Consider any number N = pa1 * pa2 * ... pak . ( Note a1,...ak are the indices for prime numbers , Actually N can be of the form pa1^r1 * pa2^ r2 *.... pak^rk . However i am interested only in those numbers which can be expressed as N = pa1 * pa2 * ... pak ) . Thus the factors would be 1,pa1 , pa2 , .. pak , pa1*pa2,.. pa1*pak, pa2*pa3 ,.. Similarly taken three at a time and so on till taken all at a time.
A number is perfect if all the factors expect the one taken all at a time i.e N ( or all the prime factors taken all at a time ) should be equal to N.
If the above statement is not clear then let me explain it with a number which has just three factors i.e. N =pa*pb*pc.
Then N is perfect if 1+ pa+pb+pc+ pa*pb + pb*pc + pa*pc = pa*pb*pc.
i.e 1/ pa*pb*pc + 1/ pb*pc + 1/ pa*pc + 1/pa*pb + 1/pa + 1/pb + 1/pc =1.
i.e (pa+1)* (pb+1) * ( pc +1) / pa *pb*pc =2 . ( This is just rearrangement of the above equation).
The similar thing can be expanded for k prime factors also.
Thus we have (pa1 + 1)* ( pa2 +1) *..... *( pak +1) / pa1*pa2*... *pak = 2.

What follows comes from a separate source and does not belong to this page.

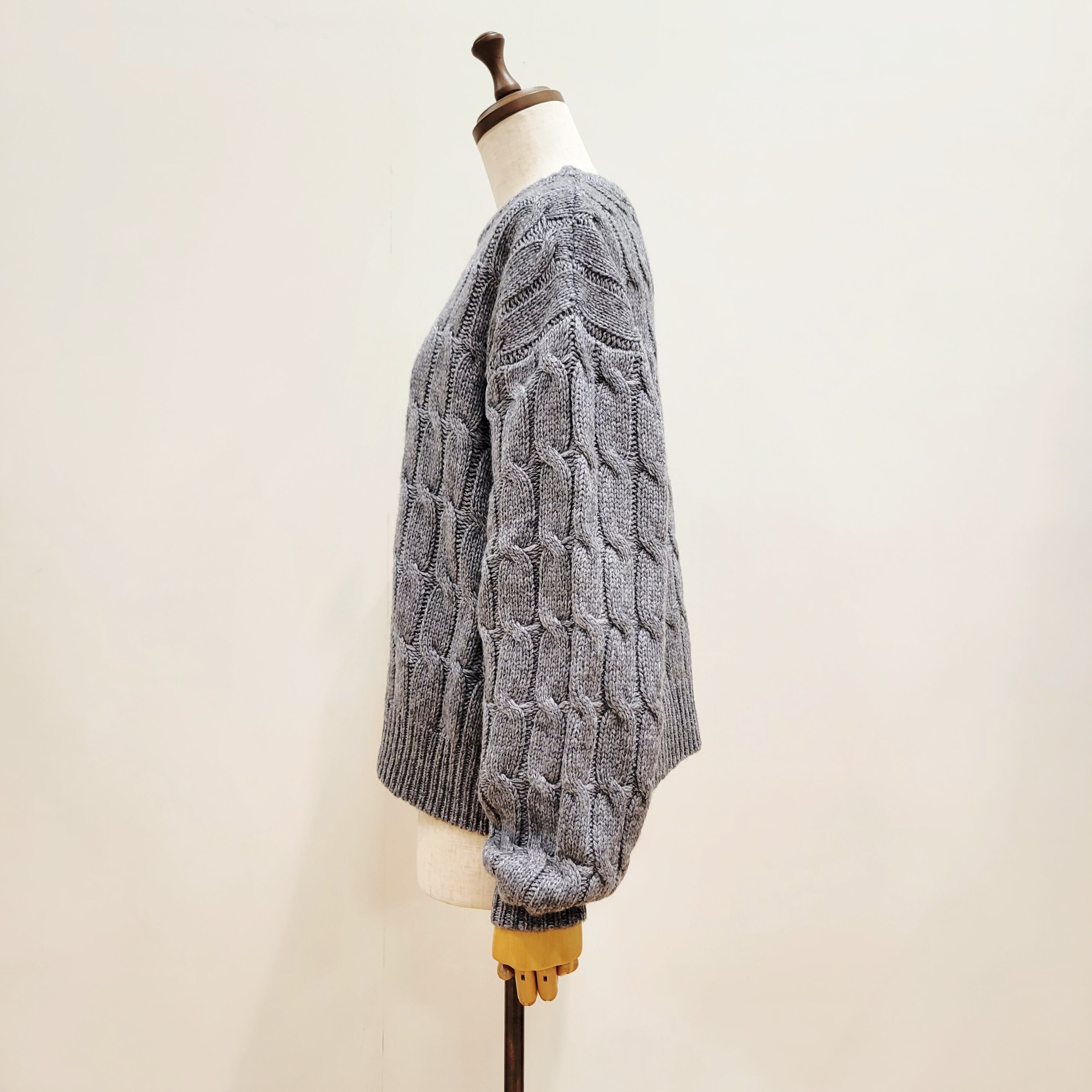 ざっくりと編まれた編み目が特徴のケーブルニットプルオーバー。軽くて暖かい、着まわしやすい一着です。

I have written pa1, pa2 ,.. pak in ascending order .
Thus if N is odd then none of the pak's = 2.
Also all the number in the numerator can be can be expressed as 2^k * pbk . It is trivial that pbk < pak.
(Note if pa1 is 3 . then it becomes 2^2 * 1 . No pbk term this is an exception).
We note that there is no term in the numerator which will cancel pak( largest prime number) . Thus the ratio is never an integer thus it is not equal to 2 also . Hence there doesn't exist any odd perfect number N = pa1 * pa2 * ... pak .